**ASSIGNMENT:**
Each line from the first line of the entries through the line holding "日本製 OVER THE" is to be restated word for word; nothing else, and no picture, belongs in the answer.

**RECORDED DATA:**
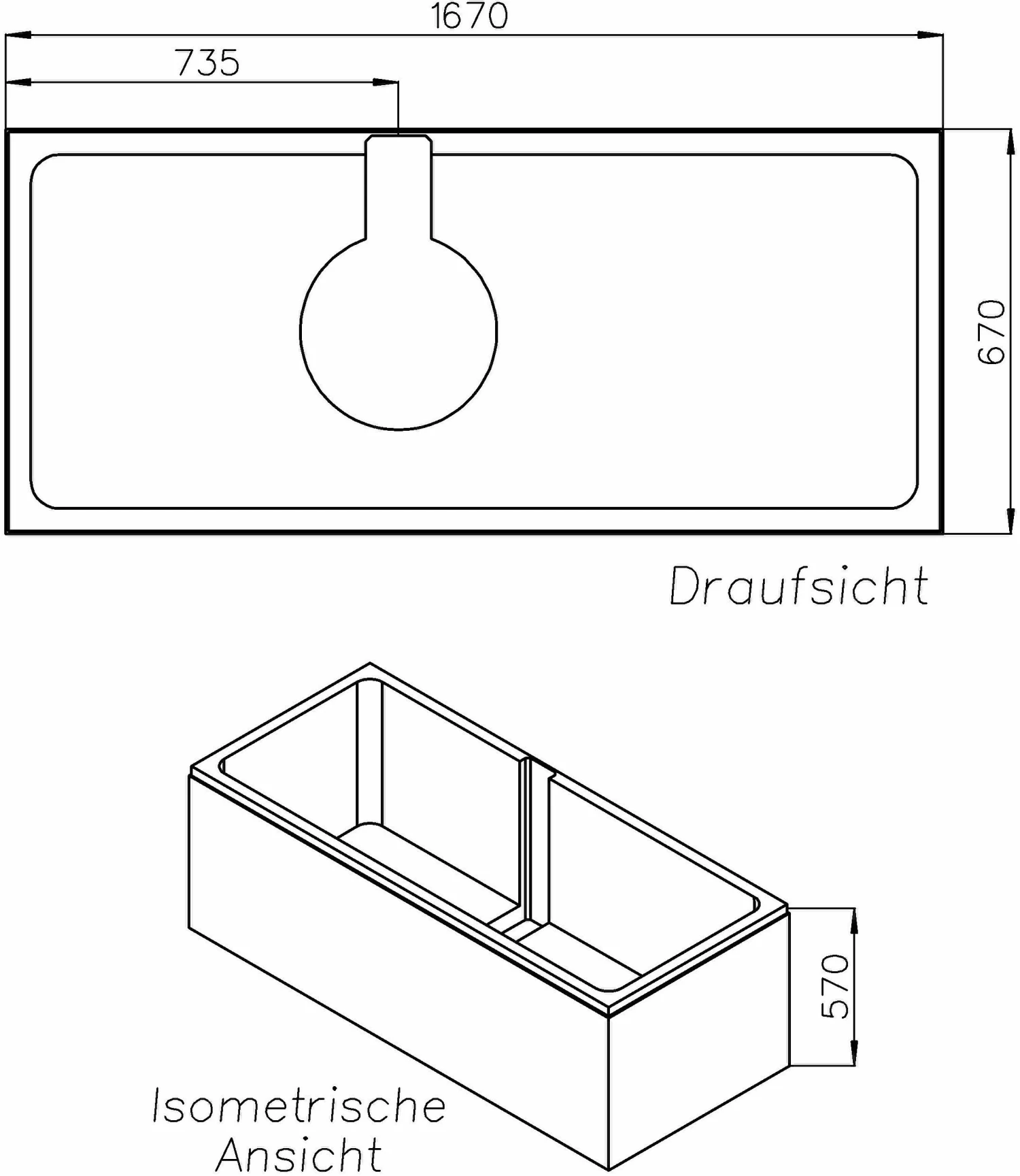 Schedel XL Villeroy & Boch Loop & Friends Support De Baignoire Solo SW16016 160x70cm, Hauteur 57cm
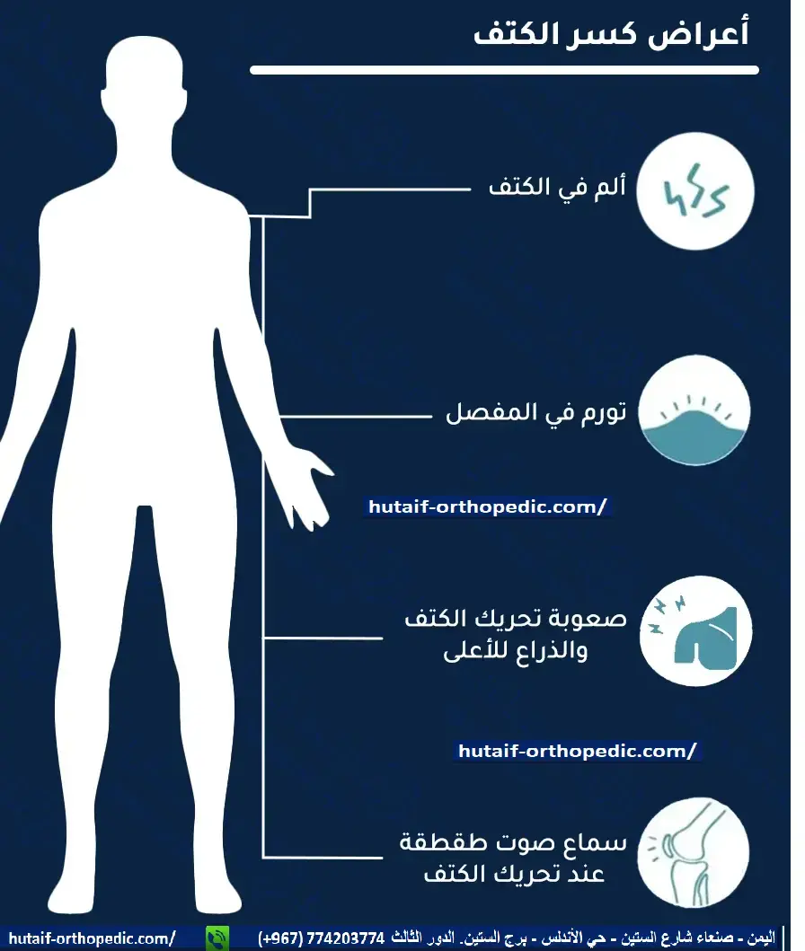 عند إصابتك بكسر في أحد عظام الكتف سوف تلاحظ علامات وأعراض من أهمها الألم الذي يمنعك من تحريك كتفك بسلاسة كما قد يظهر تورم حول مفصل كتفك بالإضافة إلى أنك قد تسمع صوت فرقعة عظمية عند قيامك بتحريك المفصل.
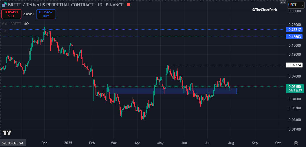 Quick update on $BRETT 👇 #BRETT is holding a really nice area of mid range support here and has withstood the recent #Altcoin volatility well. My initial target is local resistance at $0.092 followed by macro resistance at ATH's. $BRETT seems like a solid meme play heading into the next leg up on #Crypto. What do you think $BRETT community are we heading higher? @BasedBrett
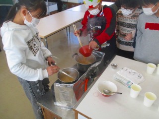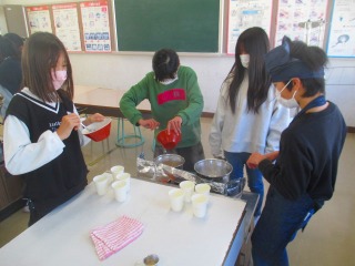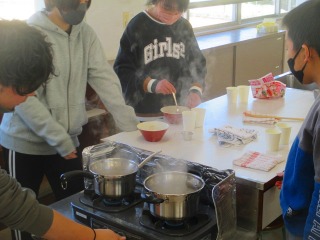 家庭科の時間に、具なしのみそ汁を作っていました。「だしが入っている」のと「だしが入っていない」のとを作って飲み比べていました。具が入っていないので、汁の飲み比べになりますが、どんな感じだったのでしょうか。「だしが入っている方がおいしい」と言っている子が多かったのですが、「だしなしのみそ汁の方がおいしい」と言っている子もいたようです。
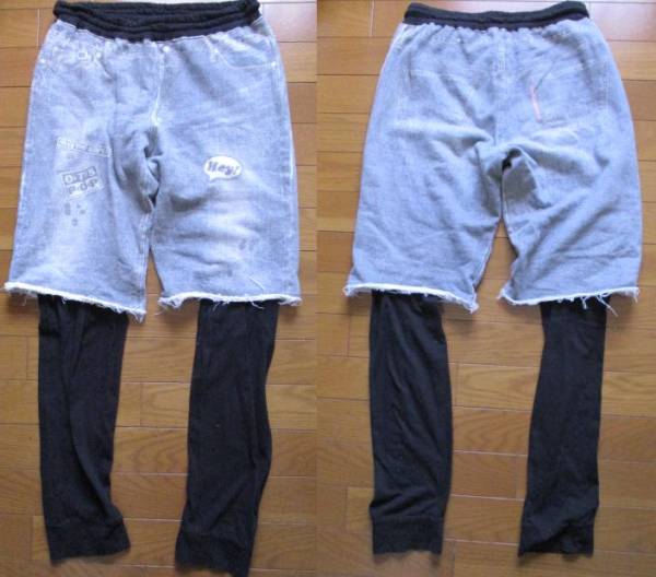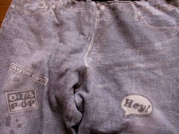 日本製 OVER THE STRIPES オーバーザストライプス デニム 転写 スウェット 重ね着風 パンツ Mサイズ
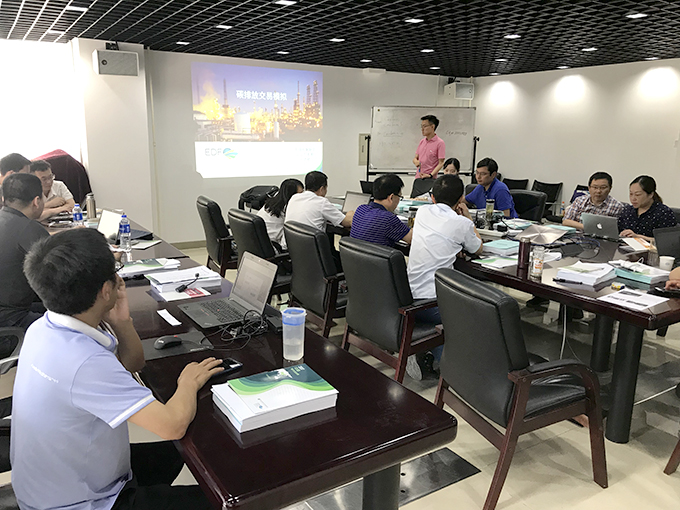 會議上,新興業(yè)務部孫志輝副部長就中國碳市場的整體框架和背景進行了介紹,對碳排放核查業(yè)務的開展程序及主要內容進行了講解;已經成功開展碳核查業(yè)務的廣東公司、福建公司分享了近些年碳核查工作實施的經驗;美國環(huán)保協(xié)會項目主管劉洪銘對氣候變化的影響及碳市場建設發(fā)展情況在會上進行了詳細地介紹,并組織參會成員現(xiàn)場進行了碳交易模擬培訓,使參會人員親身體驗企業(yè)進行碳交易的全流程。

**TASK ANSWER:**
 Schedel XL Villeroy & Boch Loop & Friends Support De Baignoire Solo SW16016 160x70cm, Hauteur 57cm
 عند إصابتك بكسر في أحد عظام الكتف سوف تلاحظ علامات وأعراض من أهمها الألم الذي يمنعك من تحريك كتفك بسلاسة كما قد يظهر تورم حول مفصل كتفك بالإضافة إلى أنك قد تسمع صوت فرقعة عظمية عند قيامك بتحريك المفصل.
 Quick update on $BRETT 👇 #BRETT is holding a really nice area of mid range support here and has withstood the recent #Altcoin volatility well. My initial target is local resistance at $0.092 followed by macro resistance at ATH's. $BRETT seems like a solid meme play heading into the next leg up on #Crypto. What do you think $BRETT community are we heading higher? @BasedBrett
 家庭科の時間に、具なしのみそ汁を作っていました。「だしが入っている」のと「だしが入っていない」のとを作って飲み比べていました。具が入っていないので、汁の飲み比べになりますが、どんな感じだったのでしょうか。「だしが入っている方がおいしい」と言っている子が多かったのですが、「だしなしのみそ汁の方がおいしい」と言っている子もいたようです。
 日本製 OVER THE STRIPES オーバーザストライプス デニム 転写 スウェット 重ね着風 パンツ Mサイズ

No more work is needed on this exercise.